There’s something very similar to this at a playground here in my town. It wasn’t very exciting when I tried it with my daughter, but then it’s probably VERY old at this point.
That looks like so much fun - especially hanging outside and swinging around…whee!
Oh, man! do I remember that rocket! on a hot summer day in Texas it would become a frying pan for our (usually) bare feet and trying to slide down the metal slide was just asking for scorched legs!
my brother and I would play on the one near our grandparents’ home in Central Texas for hours!
Yeesh, maybe don’t do that.
I feel like I’ve opened up a large can of traumatic playground memories here. I’m trying to remember if I ever saw these steel playground death traps in pristine condition but I only ever remember them as rusted, stripped to the bare metal hideous things, like something from a post-apocalyptic landscape - or 1970s/80s Britain as it was known.
Also in my very first school (now demolished) we had the recovered front part of a colliery diesel locomotive to play on. Yes, really. Plenty of opportunities to cut yourself on sharp edges and spikey bits.
We had one of those too! Imagine this but much larger and a concrete floor underneath.
Sometimes I got to go into town and play at Fort Collins City Park, and a few times I played at a smaller, derelict version of it just west of the present park, thrilling to teeter totter axles with no boards, the spindle for a carousel, and a dwindling number of swings and partial swings.
Out where I lived, though, there were different playgrounds. A semi-abandoned go-kart track. The ongoing subdivision construction sites nearby. The foothills, the reservoir, the dump, the prairie dog town, the occasional crawdad pond, the archery range, and best of all, the abandoned quarry just up the road. There were EXPLOSIVES signs around it, and a shed locked with a padlock like a cowbell, and we dug in the crumbly sides. My intrepid friend tunneled in it while I stood apart and shook my head. We called it “The Bomb Hole.” Alas, it’s full of houses now.
I did say “domed”, but really, it was more like this design, which was pretty popular in The Olden times:
With nearly every surface lovingly polished by generations of sweaty little palms?

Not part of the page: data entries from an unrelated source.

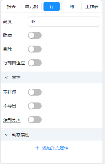 是针对所选行进行相关配置,包括:行高、隐藏、行高自适应、是否导出、强制分页等配置。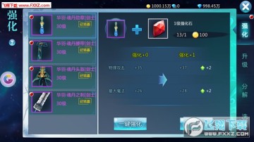 装备升级:左侧装备列表处选择想要升级的装备,右侧点击【升级】按钮进行升级,每次升级都会消耗对应数量的凤凰羽,升级成功会使装备的等级进行提升,属性会大幅上涨。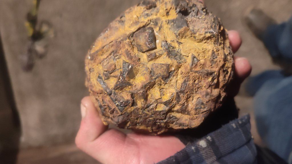 have a 1195gram limonite after pyrite cube cluster it needs to be cleaned up all the clay taken off . $70 obo text only 385-352-6809

In 1965, they decided to put in a nicer playground at our local elementary school. In retrospect, it was probably because the old swingset was rusted, and maybe not sunk into the grass far enough. We got a new swing set, what looked like a ladder set on poles to travel hand over hand, and this thing above, in an asphalt-paved lot. I call that dome the King of the Hill dome, because that’s what happened - one kid or group would be king, and push the peasants down onto the asphalt. So much playground fun. So many bruises and scrapes.